Bug #22754
closed3.1.0 workbench workflow page extreme slowness
Description
Since ver 3.1.0, workflow pages tab in chrome exhibit hangs and get stuck:
- This is mainly CPU based, checked the memory consumption, but it was normal (in this case, for this ticket)
Doesn't seem related to cluster size or wokflog / log size - It tends to happen when the logs / outputs are empty, specially when seting up basic compute on the upgrade so that workflows failed and having no logs was triggered.
- closing the tab and opening other with the same url solves the issue momentarily, but it crops again after some minutes.
Attached image with elevated cpu consumption in chrome
Files
Updated by Ivan Diaz Alvarez 12 months ago
Forgot to add the page gets unresponsive in this condition
Updated by Brett Smith 12 months ago
I am also seeing this in Firefox 137. The most reliable way to see it seems to be to start a non-trivial workflow and then leave a browser tab open on the workflow process page. You can tab away but for me when I hear my laptop fan kick in that tells me the tab has wedged itself and needs to be stopped.

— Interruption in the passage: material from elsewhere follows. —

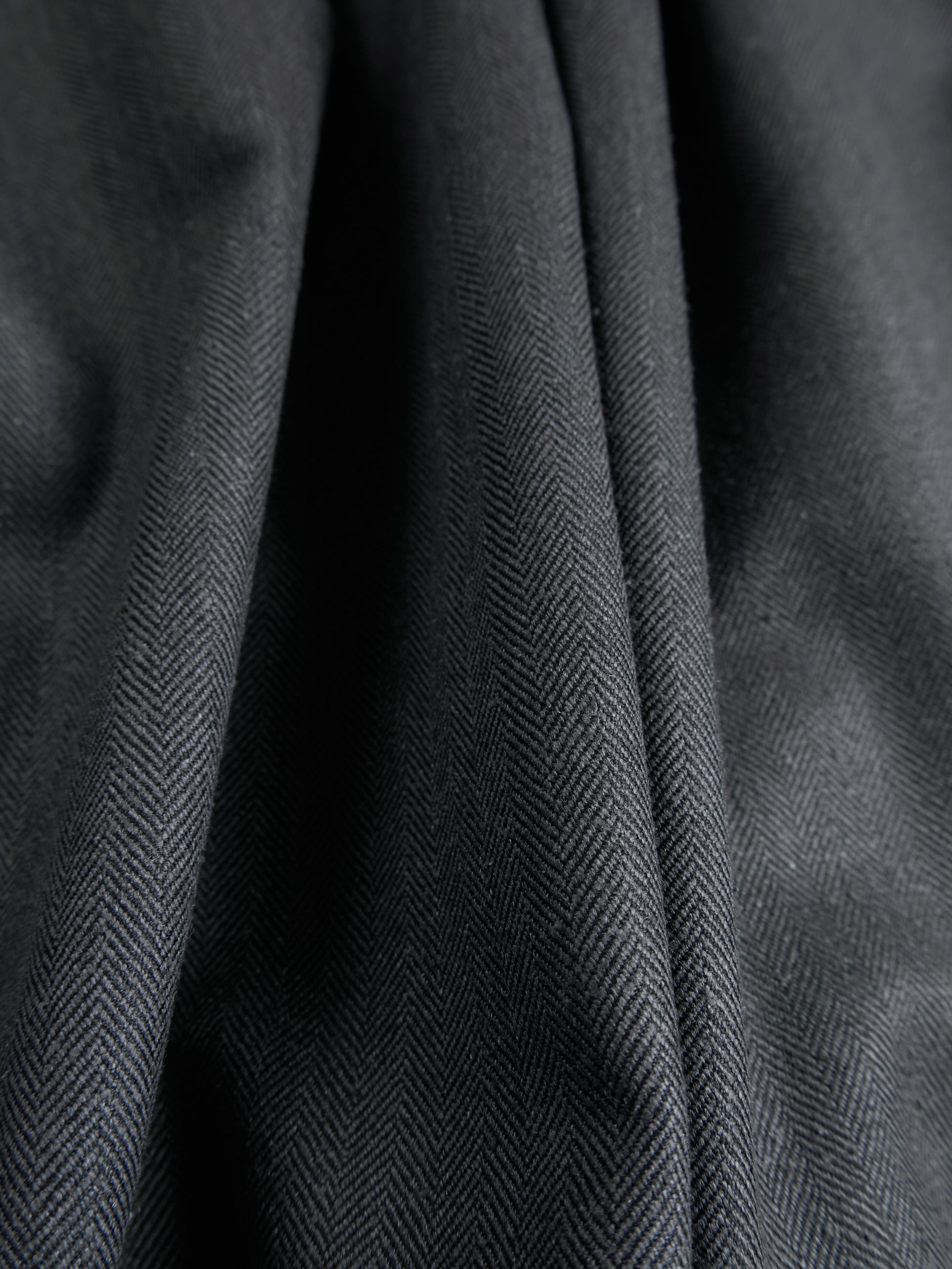 シルク紬糸と高繊度ウール梳毛糸を撚り合わせて撚り杢にしたオリジナルの糸を、ヘリンボン柄に織り上げています。

Updated by Brett Smith 11 months ago
Ivan confirmed in a meeting that this is seen on queued/running workflows, not completed-and-failed ones. In his particular case, the user was monitoring a workflow that was impossible to dispatch, so it was stuck in the queued state.
Updated by Peter Amstutz 11 months ago
In the "queued" state, it polls for container status. This may have some unreasonable resource leak.
In the "running" state, it collects runtime logs. This also may have some unreasonable resource leak, but the polling mechanism for logs is different from the polling mechanism for container status used in the "queued" state.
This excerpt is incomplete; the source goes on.